このようなことを避けるため、「離婚届不受理申出」ができます。あらかじめ「離婚届不受理申出書」を市区町村に提出しておけば、相手が勝手に離婚届を提出しても、受理されません(戸籍法27条の2第3~5項)。離婚届不受理申出ができるのは、配偶者が日本国籍の場合のみです(外国籍同士の夫婦の場合はこの届出はできません)。

  • 「離婚届不受理申出」が受理されたら、効力はずっと続きます。その後離婚することになった場合は、「離婚届不受理申出」を取り下げる手続きをします。

  • 「離婚届不受理申出書」は役所にありますが、自分で作成しても構いません。記入には、日本国籍配偶者の本籍地(☆下記)が必要です。

  • 日本国籍配偶者の漢字氏名や本籍地は、住民票に記載されています。住民票は、世帯全員のもので、「本籍地等の記載」があるものを取ってください。

  • 提出先は、日本国籍配偶者の本籍地の市区町村役場になります。また、住民票の住所地の市区町村役場でも受付してくれます。郵送では受付されません。また、代理人による提出は受付されず、当事者本人が市区町村役場に行って提出しなければなりません。

  • 日本にいるものの、病気等により市区町村役場に提出に行けない場合は、「離婚届不受理申出書」を公正証書にすれば、郵送で受付してもらえます。公正証書は公証役場で作ってもらうものです。あなたが公証役場に行くことができないときは、委任状があれば代理人が代わりに行うことができとのことです(公証役場に確認してください)。

  • 外国にいる場合は、「離婚届不受理申出書」を、日本国籍配偶者の本籍地の自治体に郵送で提出することができます。

  1. 「離婚届不受理申出書」と同様の内容(「離婚の意思がない」ということ、夫婦双方の名前、生年月日、住所、日本国籍配偶者の本籍地、外国籍配偶者の国名を記載し、さらに申出者の名前とサイン(または印鑑)、連絡先住所、電話番号を記載した文書)を母語で作成します。

  2. 1を滞在国で公証してもらいます。公証の方法は国によって違います。

  3. 2を日本語に翻訳したものと、1の両方を、相手の本籍地住所の自治体戸籍係にEMSで郵送してください。

※離婚届不受理申出書が受理されたかどうかについては、本籍地役場に直接問い合わせが必要です。
※外国にいて、さらに日本国籍配偶者の本籍地を知る手段がない場合は、外国人配偶者の国に提出した婚姻届の添付文書を取り寄せます。それには、日本国籍配偶者の戸籍謄本があるはずで、そこに本籍地が記載されています。
※以上ができない場合は、本籍地を知ることができず、離婚届不受理申出書を出すことができません。その場合でも、日本の専門家や相談機関に相談してみてください。相手の本籍地を知ることができる可能性があります。
※それでも勝手に離婚届が出されてしまった場合は、離婚無効確認調停を裁判所に申し立てることができます。

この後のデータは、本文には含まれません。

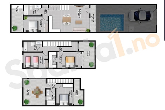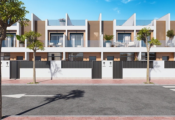Moderne rekkehus med 3 eller 4 soverom i San Pedro med kort gangavstand til fasiliteter. Eget basseng og takterrasse. Utbygging bestående av 18 rekkehus beliggende i sjarmerende San Pedro del Pinatar. Husene ligger etablert og rolig boligområde, nære både restauranter og butikker, stranden og sportsenter. Boligene med 3 soverom og 2 bad. Moderne med åpne løsninger. Privat basseng, terrasse,parkeringsplass, romslig takterrasse og hage hvor du kan nyte solen hele året.
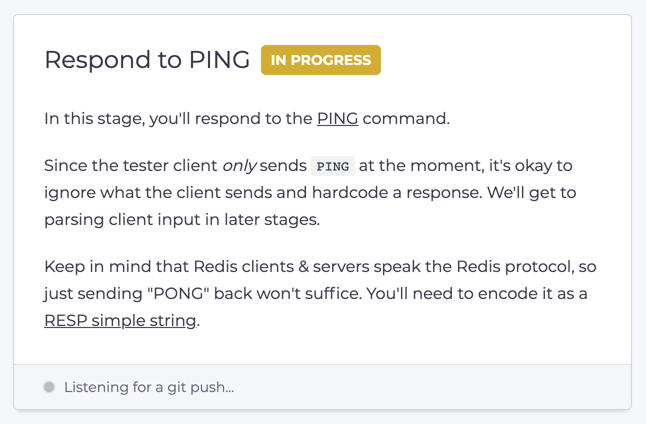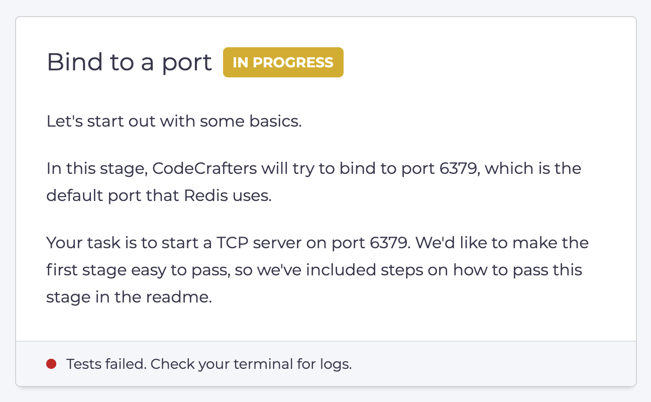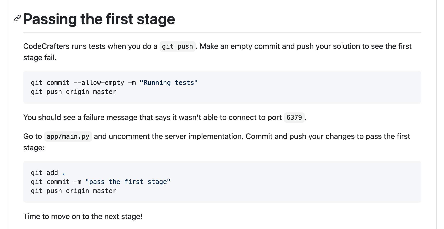 The README will contain instructions on how to pass the first stage. We always include this along with your starter repository, so that it’s easy to get started.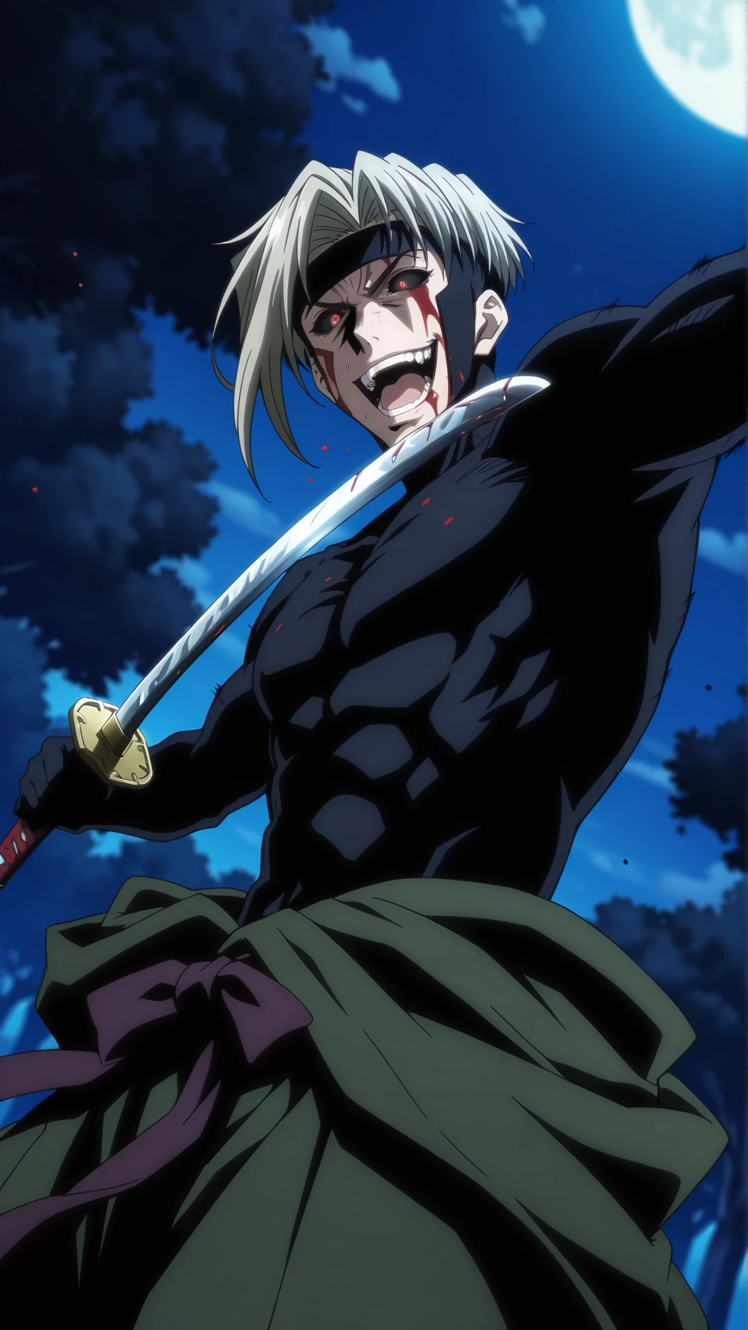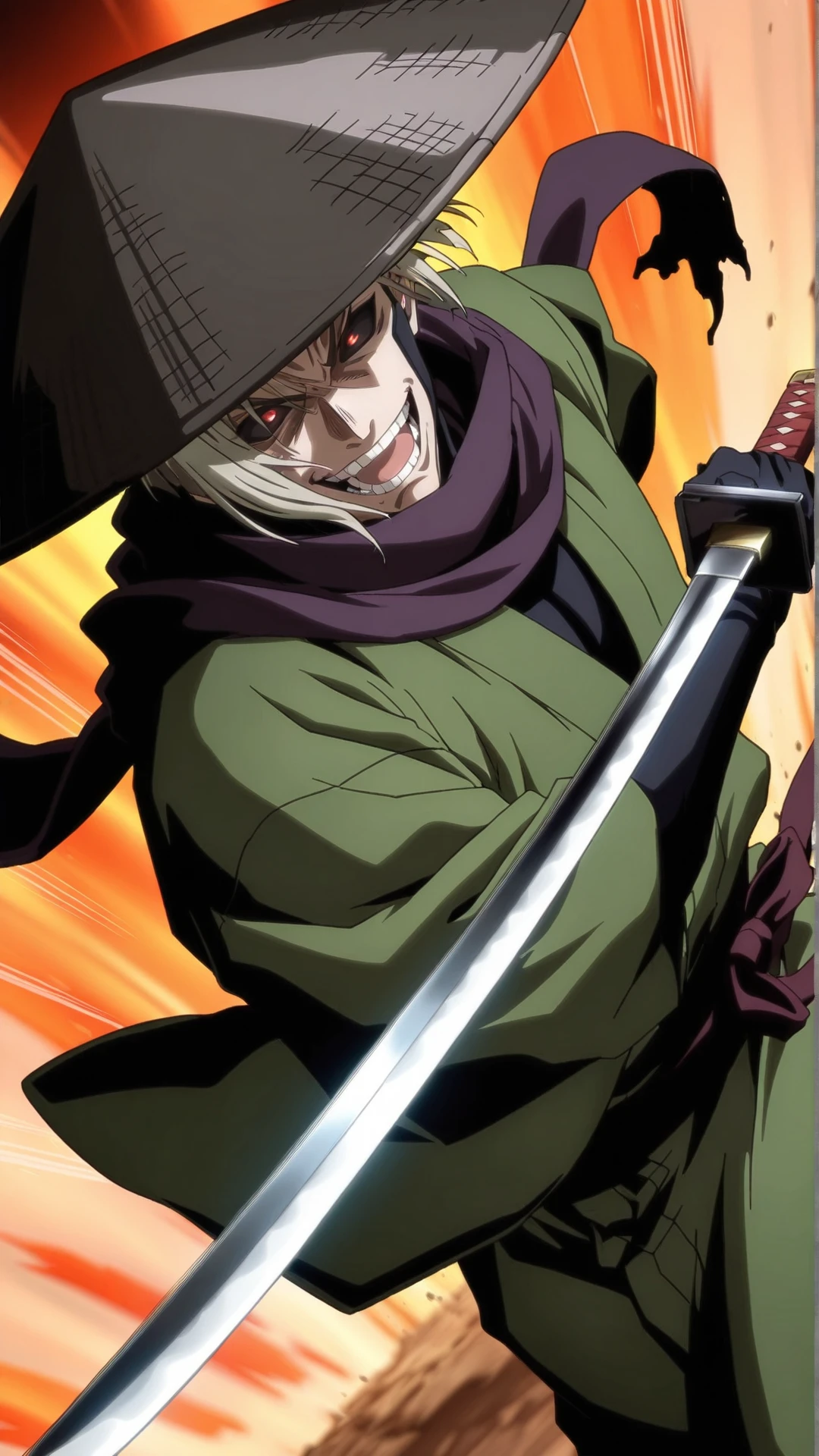 udo_jin-e\(rurouni kenshin\),black sclera, colored sclera, grey hair, red eyes,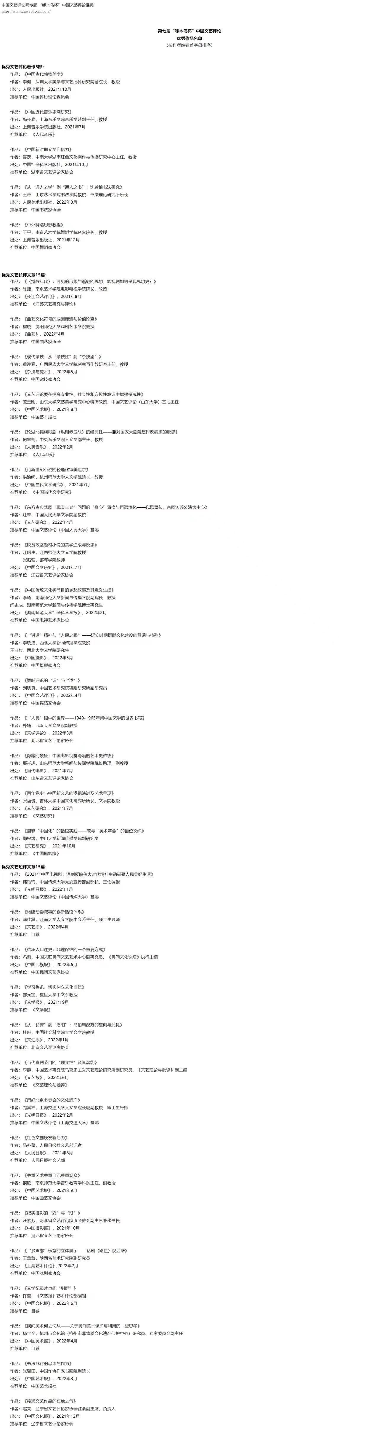 本屆推優活動作品經過推薦單位按名額推薦和中評協會員自薦,共收到作品705份,其中著作76部、長評442篇、短評187篇。推優秉承堅持導向、注重質量、寧缺毋濫的原則,經過初評、復評、終評,并報中國文聯批準,最終推選出李健《中國古代感物美學》、馮長春《中國近代音樂思潮研究》、聶茂《中國新時期文學自信力》等優秀文藝評論著作5部,陳捷《<覺醒年代>:可見的形象與返魅的思想,影視劇如何呈現思想史?》、崔曉《曲藝文化符號的成因厘清與價值詮釋》、董迎春《現代雜技:從“雜技性”到“雜技劇”》等優秀文藝長評文章15篇,許瑩《文學紀錄片也能“刷屏”》、李靜《當代喜劇節目的“現實性”及其潛能》、陳佳冀《構建動物敘事的嶄新話語體系》等優秀文藝短評文章15篇?!白哪绝B杯”中國文藝評論年度推優活動涵蓋文學、戲劇、電影、電視、音樂、舞蹈、美術、攝影、書法、曲藝、雜技、民間文藝以及藝術學理論等領域,旨在推出優秀文藝評論作品,激勵文藝評論工作者,推進全國文藝評論創新和繁榮,促進文藝事業健康發展。推優活動每年舉辦一次,2016年至2021年已成功舉辦六屆。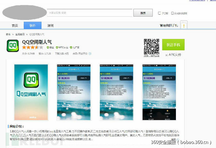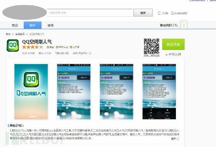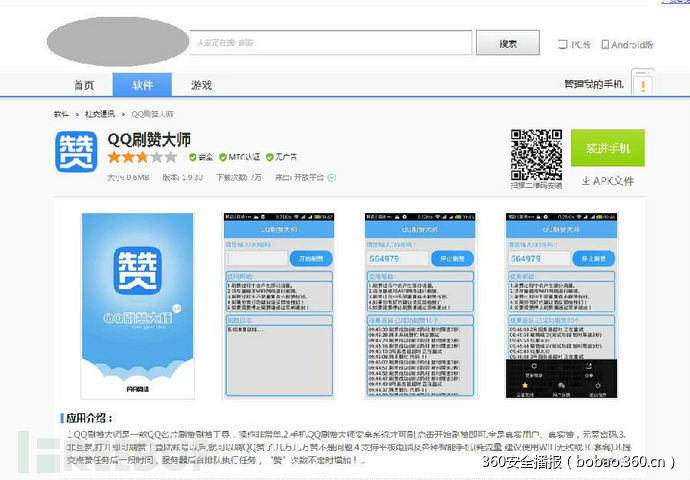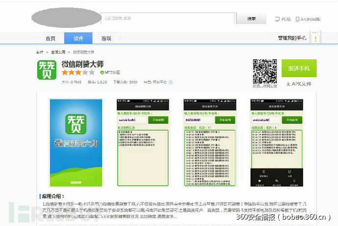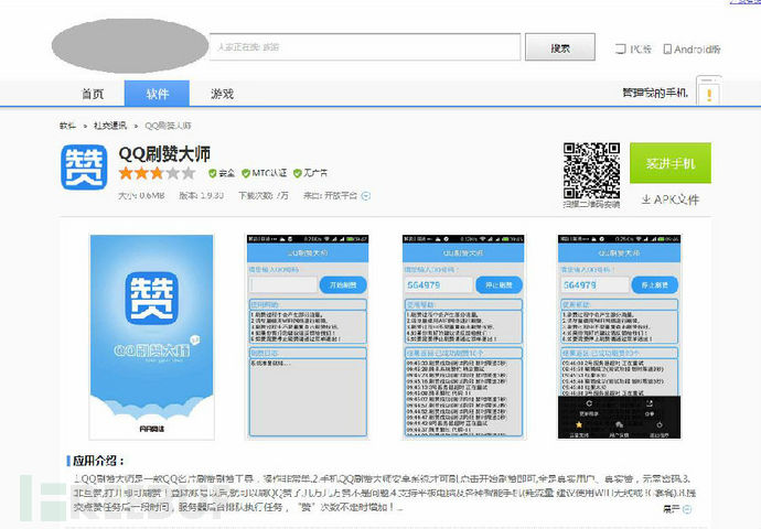 除了网站流量外,社交网络也是可以刷的。下面几张图是我们在某手机应用商店中查询到的一些专门针对腾讯微信、QQ和QQ空间的刷赞、刷人气工具。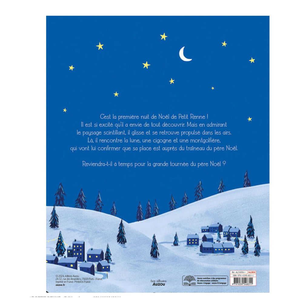 Découvrez LA PREMIÈRE NUIT DE NOËL DE PETIT RENNE, un magnifique livre édité par la marque Auzou. Cet ouvrage raconte l'histoire touchante du Petit Renne qui vit sa première nuit de Noël. Malgré son anxiété et son excitation, Petit Renne s'aventure courageusement dans le monde enneigé pour aider le Père Noël à distribuer les cadeaux. Ce livre est un merveilleux récit qui introduit les jeunes lecteurs à l'esprit de Noël et à l'importance de la bravoure et de l'amitié.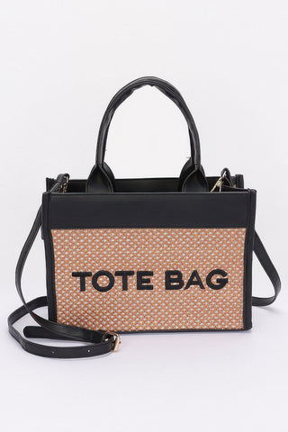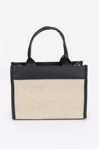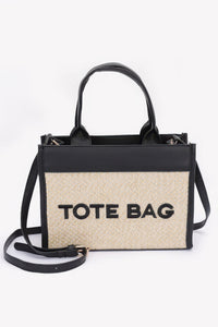 Product Description: Effortlessly stylish and refreshingly versatile, the Faux Straw Tote Bag is your go-to companion for warm-weather days and beyond. Designed with a woven faux straw texture and structured silhouette, this tote blends natural charm with modern polish. Measuring 10.5” wide by 7.25” high with a 3.5” depth, it offers ample space for daily essentials while maintaining a sleek profile. Crafted from polyurethane with mixed metal accents, it features a bold logo detail that adds a fashionable edge. Whether you're heading to the beach, running errands, or enjoying a day out, this tote delivers on both style and substance.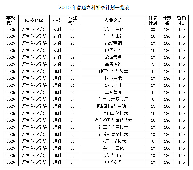 根据河南省招办规定,各个批次的补录分数线仍执行集中录取时的分数线或备档分数线(详见附表)。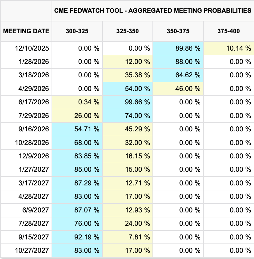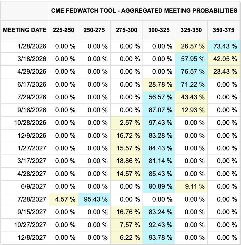 Keeping that in mind, there are two other stories of note this morning, only one of which is impacting markets.  The non-impactful one is that apparently President Trump has selected Kevin Hassett, currently the White House Economic Council Director, as the man to succeed Jay Powell in the chair.  He is a long-time political operative with deep ties in Washington and I presume will get through the vetting and be confirmed on a timely basis.  As I wrote above, it is not clear to me the Fed matters as much as other things in the current environment, although we will continue to hear about it.  In this light, the Fed funds futures market is currently pricing an 87.5% probability of a 25bp cut next week and is back to a 58% probability of a total of 100bps of cuts by the end of 2026 as per the below from the CME.
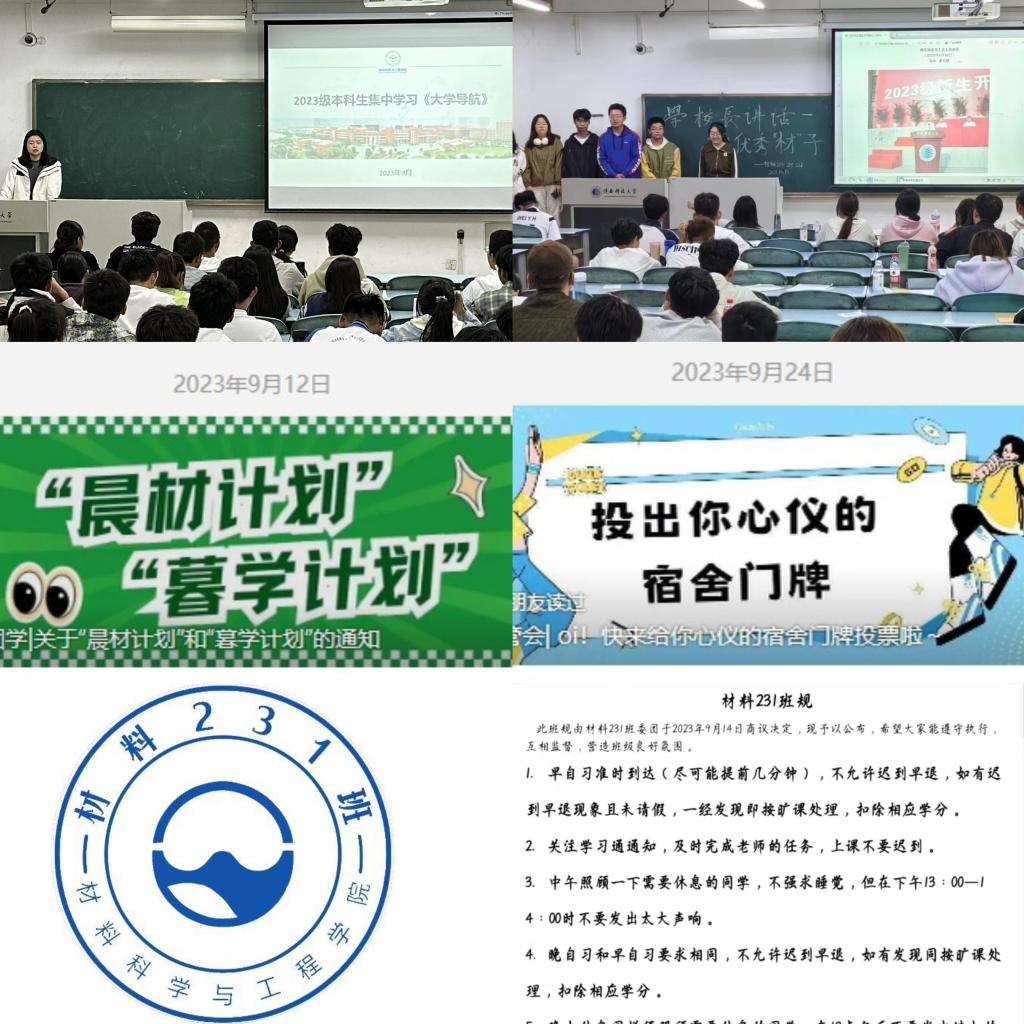 聚焦規(guī)矩意識(shí) 強(qiáng)化日常管理。通過(guò)新生入學(xué)教育大會(huì),集中學(xué)習(xí)《校長(zhǎng)李志健在2023級(jí)新生開(kāi)學(xué)典禮暨軍訓(xùn)動(dòng)員大會(huì)上的講話》《大學(xué)導(dǎo)航》《陜西科技大學(xué)章程》等教育內(nèi)容,幫助新生明確學(xué)校規(guī)章制度,培養(yǎng)新生規(guī)矩意識(shí);2023級(jí)新生自進(jìn)入正常教學(xué)周起,全員參與材料學(xué)院晨材計(jì)劃、暮學(xué)計(jì)劃,豐富校園生活,保持學(xué)習(xí)熱情,營(yíng)造了良好的學(xué)習(xí)氛圍和優(yōu)良學(xué)風(fēng);各班依照《大學(xué)導(dǎo)航》制定《班級(jí)規(guī)定》及班級(jí)標(biāo)識(shí)體系,將個(gè)人行為與集體榮譽(yù)密切集合,建立向上向好向?qū)W班風(fēng);學(xué)院自管會(huì)開(kāi)展宿舍門(mén)牌設(shè)計(jì)大賽,創(chuàng)造文明寢室環(huán)境,創(chuàng)建和諧宿舍舍風(fēng);同時(shí)針對(duì)日常管理、學(xué)籍管理、活動(dòng)參與等開(kāi)展專項(xiàng)教育,引導(dǎo)學(xué)生強(qiáng)化主體意識(shí),激發(fā)自律自省。

  • すでに離婚届が受理されてしまっていて、相手方になっている親権を本人側に変えたいと思っているのであれば、子どもと決して離れてはいけません。一旦子どもとの生活を離れてしまうと、子どもの親権を取り戻すことは、一生ほとんど不可能になります。相手が何を言おうと、どのような状況であろうと、子どもと一緒に生活を続け、その上で弁護士に相談してください。

☆「本籍」:住んでいるところの住所ではなく、「戸籍」をおいている住所を本籍といいます。「戸籍」は、家族の身分関係を記録するものです。住所と本籍は同じである場合もありますが、異なっている場合もあります。日本国籍配偶者との婚姻では、日本人配偶者が本籍の「筆頭者」となっています。本籍を知るには、家族全員の住民票(戸籍地が記載されているもの)を取得してください。そこに日本人配偶者の本籍が記載されています。